Thai Jarearn Express

   I am, if nothing else, a man of simple pleasures.  Witness the spicy bowl of udon noodle soup (on the menu, it comes off as spicy "uduong" soup) at Thai Jarearn Express on College Street in Lewiston on a cold sunny day in January. The chunks of chicken are tough.  The carrot slices and few bits of broccoli are irrelevant.  But the noodles are pleasingly al dente, not overcooked and mushy.  And the hot, spicy red broth -- well, that's what it's all about.  
For the first few bites, it is overwhelmingly spicy.  But I forge ahead and it starts to taste better, maybe I'm numbing to it a bit.  And then, maybe a third of the way into it, I pass some sort of barrier, like a runner whose muscles start releasing the right chemicals, and the flavors become blissful.  The heat is there, but now sitting lightly atop some deeper range of flavor.  The undertones seem, to my untrained palate, to taste of peanuts.   I slurp away on the broth, plucking out the noodles with my chopsticks, warming from the inside out, feeling the lightest sweat break out on the top of my head.  I can't get enough of it.  Happy and warm, smiling like a child with a new toy.  
Megan laughs and takes my picture.  
I'll be back.

Sunday, January 8, 2012

More good.

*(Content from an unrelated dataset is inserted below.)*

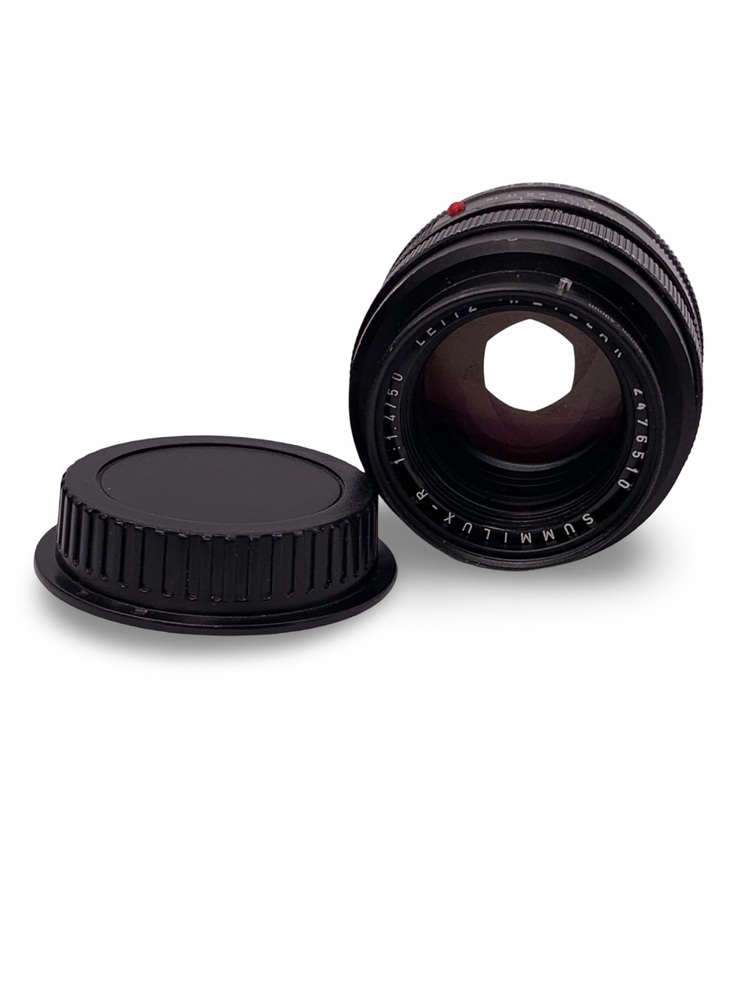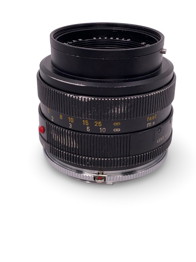 This listing is for an authentic Leica Leitz SUMMILUX-R 50mm f/1.4 3-Cam Lens featuring a built-in retractable hood. Known for its exceptional sharpness and classic Leica rendering, this fast-aperture lens is a favorite among collectors and photographers alike.

Less pretty.


   One way to take better pictures is to stop trying to take pretty ones.  Stop looking for the aesthetic shot, and start looking for the one that tells a story.  Or the one that just captures the moment.  Like this one, taken with my first Canon Powershot, right after Megan's high school gymnastics team won the divisional meet at Needham.  As a matter of technique and equipment, it's awful.  But it's a favorite of mine.  It captures a bit of the emotion, the delirium, that exploded when the meet results were announced, with teammates and family mobbing each other, seeking each other out, some in tears.  That the team logo on the sweatshirt at left came out so well is a bonus.  It's this sort of thing, not the athlete in action that I'm always trying to capture, that makes a good sport pic.  

Trophy


   A Sunday afternoon in January.  You take your daughter to volleyball, shop for groceries, read a good chunk of the Sunday Times instead of watching sports on TV, roast several pans of vegetables for the week, and decide, at about 3 pm, that while none of this may get you in the Husband Hall of Fame, a small trophy just might be in order.   

Tuesday, January 3, 2012

Magic cold

   It's cold here, finally -- low 20s, with a wind chill around 5 degrees.  But not amazing cold, stunning cold, like it seemed to get every winter when I was a boy in Vermont.  Like 20 below.  That's when you learn it's all about the wind.  There would be days when it was well below zero, but still, and when the mailman had come and put whatever was in the box across the street, you could run over without your coat on and grab the mail and run back and feel the deeply cold, dry air, but not be hurt by it at all.  It was like running your finger back and forth through a candle flame and not getting burned.  Like a little bit of magic that you did.